──────── EXERCISE MATERIAL

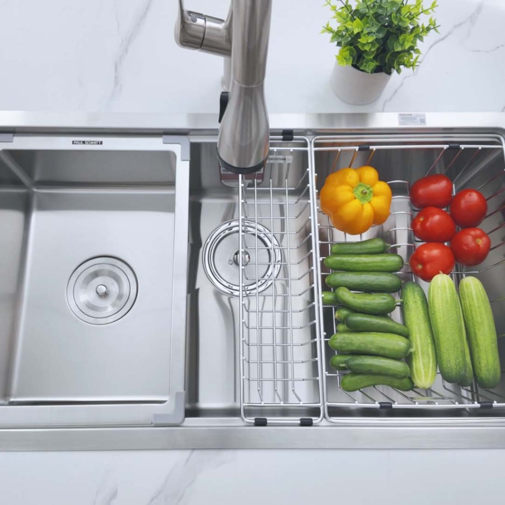 Không chỉ vậy, bạn cũng sẽ được tặng kèm một chiếc rổ inox tiện lợi để đựng rau củ, thực phẩm hoặc bát đĩa cho ráo nước.
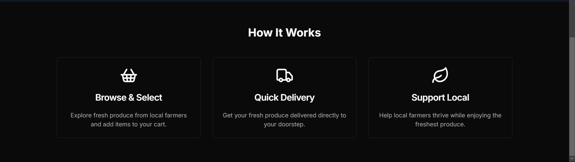 What it does FarmFresh is an online marketplace that connects local farmers with consumers seeking fresh, high-quality produce. Farmers can create profiles, list their products, and manage inventory, while consumers can browse, order, and receive their produce directly from local farms, ensuring a farm-to-table experience.
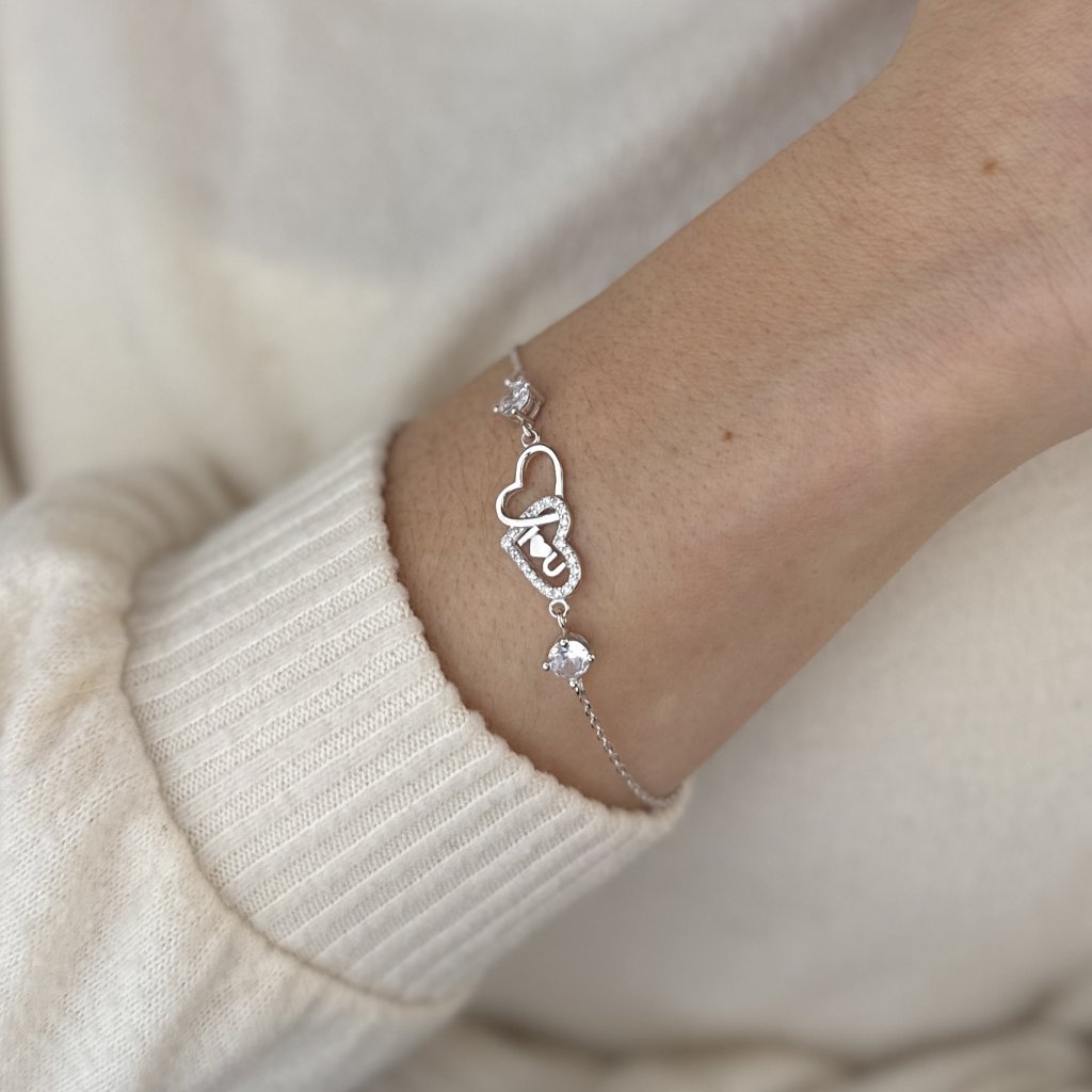 10107 Strieborný náramok LOVE dvojité srdce Ag925/1000; ≤2,37 g
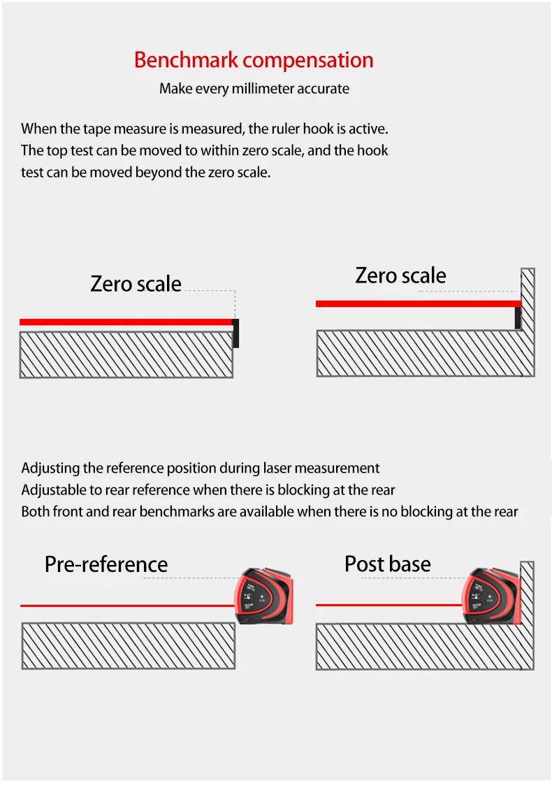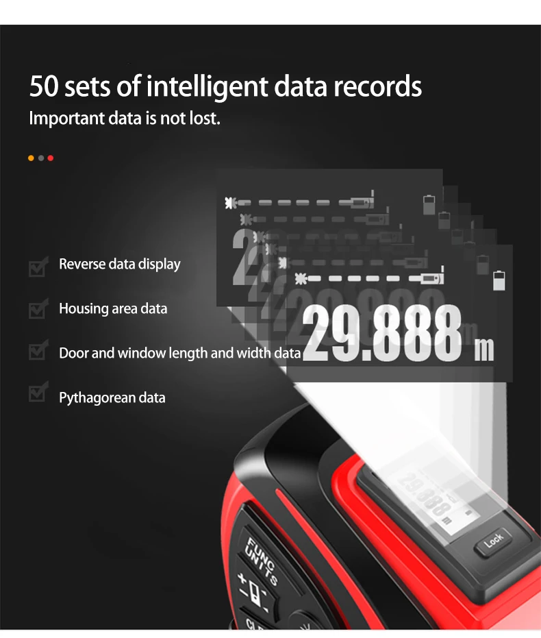 Adopped the advanced measure chip and technology, datum switched control the error within 1/16 inch. The ability of storage memory provide your with 50 groups date to refer so that you needn't waste time to take notes.
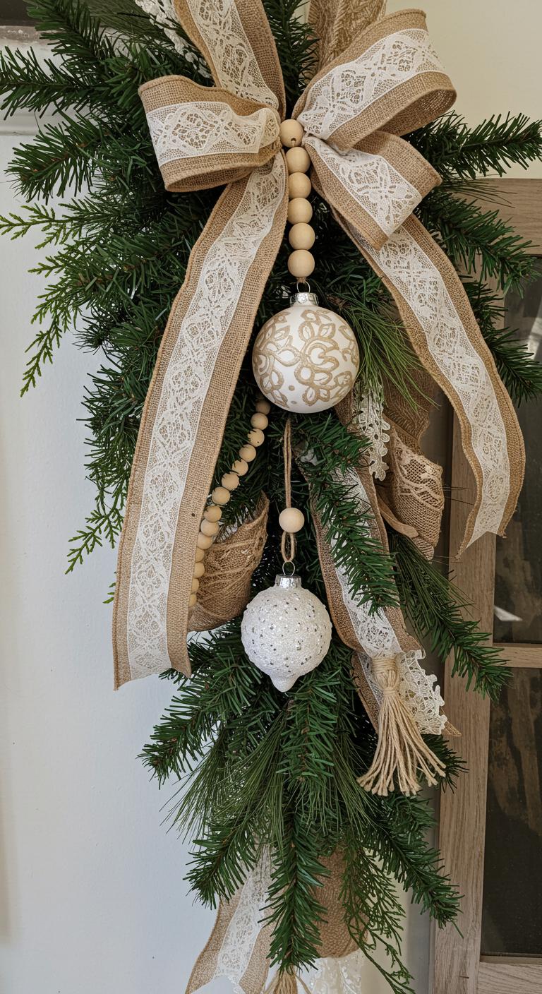 Farmhouse Burlap and Lace marries rustic warmth with delicate charm—think natural burlap ribbons, soft cream lace, wooden beads, and weathered metal accents layered on evergreen boughs.
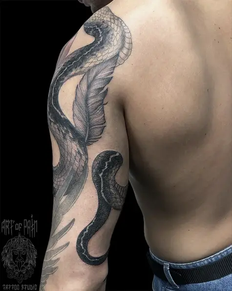 Татуировка мужская ньюскул на руке змея (Анастасия Родина) 7296
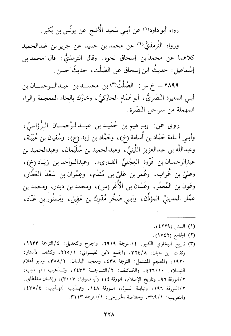 2899 - خ س: الصلت بن محمد بن عبد الرحمن بن أَبي المغيرة البَصْرِيّ (3) ، أبو همام الخاركي، وخارك بالخاء المعجمة والراء المهملة من سواحل البصرة.
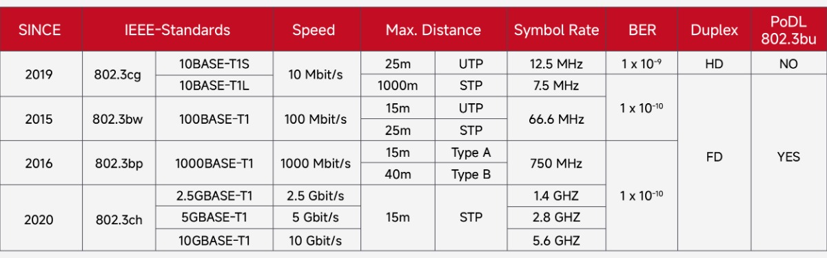 1. Compared to 2-pair and 4-pair cabling, single-pair cables reduce cost, weight, and space requirements.
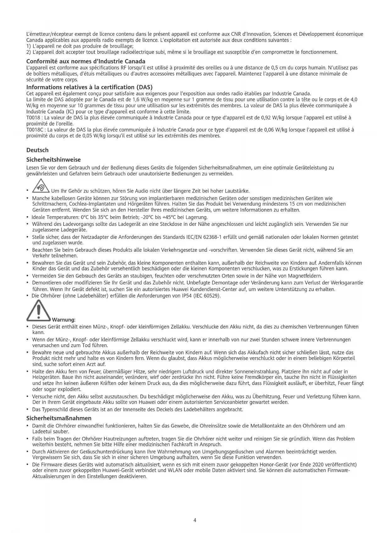 - Die Firmware dieses Geräts wird automatisch aktualisiert, wenn es sich mit einem zuvor gekoppelten Honor-Gerät (vor Ende 2020 veröentlicht) oder einem zuvor gekoppelten Huawei-Gerät verbindet und WLAN oder mobile Daten aktiviert sind. Sie können die automatischen Firmware- Aktualisierungen in den Einstellungen deaktivieren. 4Hinweise zur Entsorgung und zum Recycling Das Symbol auf Ihrem Produkt, Ihrem Akku, Ihrem Informationsmaterial oder Ihrer Verpackung bedeutet, dass die Produkte und Akkus am Ende ihrer Lebensdauer getrennt entsorgt werden und den von den Kommunen ausgewiesenen Sammelpunkten zugeführt werden müssen. Dadurch wird sichergestellt, dass Elektro- und Elektronik-Altgeräte in einer Weise recycelt und behandelt werden, die wertvolle Materialien schont und die menschliche Gesundheit und die Umwelt schützt. Für weitere Informationen kontaktieren Sie Ihre lokalen Behörden, Händler oder Entsorgungsunternehmen für Haushaltsmüll oder besuchen Sie die Website https://consumer.huawei.com/en/. Konformität mit EU-Bestimmungen Huawei Device Co., Ltd. erklärt hiermit, dass dieses Gerät T0018/T0018C den folgenden Richtlinien RED 2014/53/EU, RoHS 2011/65/EU, der EU- Verordnung REACH und der Batterierichtlinie (sofern Batterien enthalten sind) entspricht. Der vollständige Text der EU-Konformitätserklärung sowie aktuelle Informationen zu Zubehör und Software sind unter folgender Internetadresse verfügbar: https://consumer.huawei.com/certication. Dieses Gerät darf in allen Mitgliedstaaten der EU betrieben werden. Frequenzbänder und Leistung T0018: Bluetooth: 2,4 GHz 10 dBm. T0018C: Bluetooth: 2,4 GHz 8 dBm. Informationen zur HF-Exposition In Ländern/Regionen, die den SAR-Grenzwert von 2,0 W/kg über 10 Gramm Gewebe annehmen, entspricht das Gerät den HF-Spezikationen, wenn es in der Nähe von Ohren, Gliedmaßen oder in einem Abstand von 0,5 cm vom menschlichen Körper verwendet wird. Höchster gemeldeter SAR-Wert von Model T0018: 0,30 W/kg für den Kopf. T0018Ct ist ein Funksender und -empfänger mit geringer Leistung. Gemäß den Empfehlungen der internationalen Richtlinien wurde das Gerät so entwickelt, dass es die Grenzwerte der Zielmärkten einhält, auf dem es in Verkehr gebracht werden soll. Rechtliche Hinweise Copyright © Huawei Device Co., Ltd. 2023. Alle Rechte vorbehalten. Alle Inhalte in den Dokumenten in der Verpackung, einschließlich, aber nicht beschränkt auf Informationen und Darstellungen des Aussehens, der Farbe, Größe sowie der unterstützten Funktionen des Produkts (die neuesten Funktionen sind über Software-Aktualisierungen verfügbar) dienen nur als Referenz. Das tatsächliche Produkt kann abweichen. Die Wortmarke Bluetooth
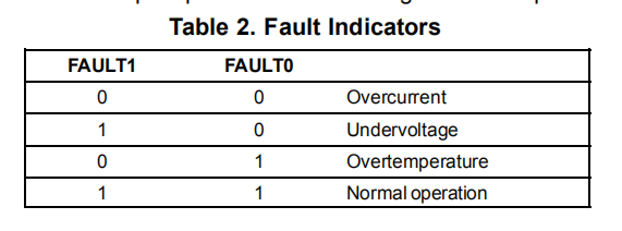这三种故障条件通过FAULT1和FAULT0端子进行解码。在内部,这些是开漏输出,因此需要一个5 kΩ或更大的外部上拉电阻。
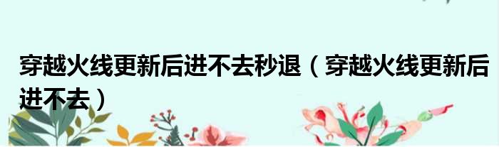穿越火线更新后进不去秒退(穿越火线更新后进不去)
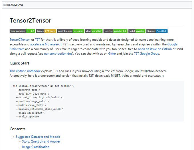 网址:https://github.com/tensorflow/tensor2tensor
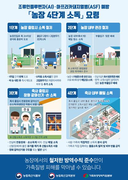중수본은 “사육가금에서 폐사 증가, 산란율·사료섭취량·활동성 저하 등 의심증상을 면밀히 관찰하여 이상이 있을 경우 즉시 방역당국으로 신고할 것”을 당부했다.

────────────────

[EXERCISE] For this exercise, please reproduce the records above exactly and drop the images.

[OUTPUT OF THE TASK]
 Không chỉ vậy, bạn cũng sẽ được tặng kèm một chiếc rổ inox tiện lợi để đựng rau củ, thực phẩm hoặc bát đĩa cho ráo nước.
 What it does FarmFresh is an online marketplace that connects local farmers with consumers seeking fresh, high-quality produce. Farmers can create profiles, list their products, and manage inventory, while consumers can browse, order, and receive their produce directly from local farms, ensuring a farm-to-table experience.
 10107 Strieborný náramok LOVE dvojité srdce Ag925/1000; ≤2,37 g
 Adopped the advanced measure chip and technology, datum switched control the error within 1/16 inch. The ability of storage memory provide your with 50 groups date to refer so that you needn't waste time to take notes.
 Farmhouse Burlap and Lace marries rustic warmth with delicate charm—think natural burlap ribbons, soft cream lace, wooden beads, and weathered metal accents layered on evergreen boughs.
 Татуировка мужская ньюскул на руке змея (Анастасия Родина) 7296
 2899 - خ س: الصلت بن محمد بن عبد الرحمن بن أَبي المغيرة البَصْرِيّ (3) ، أبو همام الخاركي، وخارك بالخاء المعجمة والراء المهملة من سواحل البصرة.
 1. Compared to 2-pair and 4-pair cabling, single-pair cables reduce cost, weight, and space requirements.
 - Die Firmware dieses Geräts wird automatisch aktualisiert, wenn es sich mit einem zuvor gekoppelten Honor-Gerät (vor Ende 2020 veröentlicht) oder einem zuvor gekoppelten Huawei-Gerät verbindet und WLAN oder mobile Daten aktiviert sind. Sie können die automatischen Firmware- Aktualisierungen in den Einstellungen deaktivieren. 4Hinweise zur Entsorgung und zum Recycling Das Symbol auf Ihrem Produkt, Ihrem Akku, Ihrem Informationsmaterial oder Ihrer Verpackung bedeutet, dass die Produkte und Akkus am Ende ihrer Lebensdauer getrennt entsorgt werden und den von den Kommunen ausgewiesenen Sammelpunkten zugeführt werden müssen. Dadurch wird sichergestellt, dass Elektro- und Elektronik-Altgeräte in einer Weise recycelt und behandelt werden, die wertvolle Materialien schont und die menschliche Gesundheit und die Umwelt schützt. Für weitere Informationen kontaktieren Sie Ihre lokalen Behörden, Händler oder Entsorgungsunternehmen für Haushaltsmüll oder besuchen Sie die Website https://consumer.huawei.com/en/. Konformität mit EU-Bestimmungen Huawei Device Co., Ltd. erklärt hiermit, dass dieses Gerät T0018/T0018C den folgenden Richtlinien RED 2014/53/EU, RoHS 2011/65/EU, der EU- Verordnung REACH und der Batterierichtlinie (sofern Batterien enthalten sind) entspricht. Der vollständige Text der EU-Konformitätserklärung sowie aktuelle Informationen zu Zubehör und Software sind unter folgender Internetadresse verfügbar: https://consumer.huawei.com/certication. Dieses Gerät darf in allen Mitgliedstaaten der EU betrieben werden. Frequenzbänder und Leistung T0018: Bluetooth: 2,4 GHz 10 dBm. T0018C: Bluetooth: 2,4 GHz 8 dBm. Informationen zur HF-Exposition In Ländern/Regionen, die den SAR-Grenzwert von 2,0 W/kg über 10 Gramm Gewebe annehmen, entspricht das Gerät den HF-Spezikationen, wenn es in der Nähe von Ohren, Gliedmaßen oder in einem Abstand von 0,5 cm vom menschlichen Körper verwendet wird. Höchster gemeldeter SAR-Wert von Model T0018: 0,30 W/kg für den Kopf. T0018Ct ist ein Funksender und -empfänger mit geringer Leistung. Gemäß den Empfehlungen der internationalen Richtlinien wurde das Gerät so entwickelt, dass es die Grenzwerte der Zielmärkten einhält, auf dem es in Verkehr gebracht werden soll. Rechtliche Hinweise Copyright © Huawei Device Co., Ltd. 2023. Alle Rechte vorbehalten. Alle Inhalte in den Dokumenten in der Verpackung, einschließlich, aber nicht beschränkt auf Informationen und Darstellungen des Aussehens, der Farbe, Größe sowie der unterstützten Funktionen des Produkts (die neuesten Funktionen sind über Software-Aktualisierungen verfügbar) dienen nur als Referenz. Das tatsächliche Produkt kann abweichen. Die Wortmarke Bluetooth
这三种故障条件通过FAULT1和FAULT0端子进行解码。在内部,这些是开漏输出,因此需要一个5 kΩ或更大的外部上拉电阻。
穿越火线更新后进不去秒退(穿越火线更新后进不去)
 网址:https://github.com/tensorflow/tensor2tensor
중수본은 “사육가금에서 폐사 증가, 산란율·사료섭취량·활동성 저하 등 의심증상을 면밀히 관찰하여 이상이 있을 경우 즉시 방역당국으로 신고할 것”을 당부했다.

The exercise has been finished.